Maintaining a strict set of food rules requires immense, intense, cognitive load. This is consuming, and truly is a mental drain, it can lead to social isolation and heightened anxiety because ‘safe’ options aren’t always available.
Here are my go-to tips I tell my clients when they are on the journey of breaking free from restriction.
The rule audit.
Identify the rules you have created, for example, no carbs after 2pm, or only 1,200 calories in a day, or you can only eat 1 meal if you don’t work out.
The tool : write down the rules, next to each one right down if it is based on science, or fear disguised act fact?
The action : pick one rule per week to intentionally break, challenge yourself, write down how you felt upon breaking it, and if there were any consequences.
Change your social environment.
Social media needs some serious filtering, often it can be a spring board for triggers and a fountain of opinions disguised as facts.

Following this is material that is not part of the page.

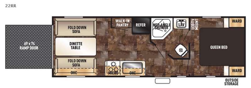 The kitchen area has a three burner range, a microwave oven, and large sink along the curb side of the unit. Across from the sink there is a walk-in pantry for your dry and canned food items, plus a refrigerator.
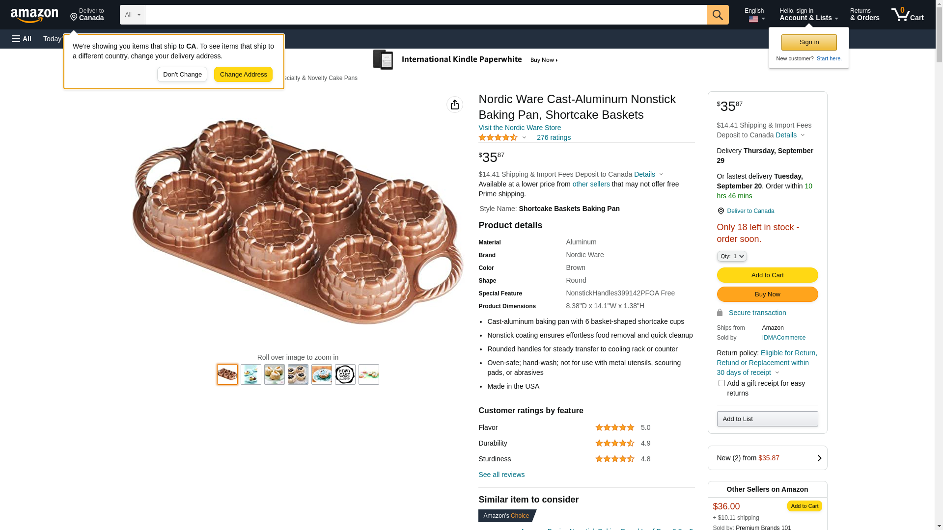 - Cast-aluminum baking pan with 6 basket-shaped shortcake cups

The tool : curate your social media, unfollow accounts that promote content that can have a negative impact, for example ‘what I eat in a day’ or creators that promote avoiding certain foods groups. Instead of comparing your meals to others, notice what ingredients make you feel good.
The action : Instead of labelling foods ‘good’ or ‘bad’ or ‘guilty’ describe its sensory details, for example ‘this sweet potato is vibrant, warming and salty.’ Focus on the flavour and feeling over the fear.
The 10-minute check in
When the urge to restrict and compensate hits, e.g. skipping a meal, over-exercising.
The tool : set a 10-minute timer, use that time to do something that grounds you, journalling, a breathing sequence, tapping.
The action : Allow yourself to be, to notice how your body feels, where you feel the stress, the emotion, the pain, and give yourself grace, often the peak of the panic subsides after a few moments.

All photography by Camila Urreaa
Keep in mind that this process is most definitely not linear, having a ‘bad day’ doesn’t mean you have failed; it just means you are human. Your body is your master piece, it is not your enemy, when you’ve spent a long time restricting it can feel like your body is ‘failing’ you because of how it reacts to food. Yet in reality, if you feel extreme hunger or craving after a period of restriction, your body is nudging you to take care, and encouraging you to nourish yourself, show yourself the love and compassion your body deserves, not just today but everyday.
And if you are struggling today, know, that things do get brighter.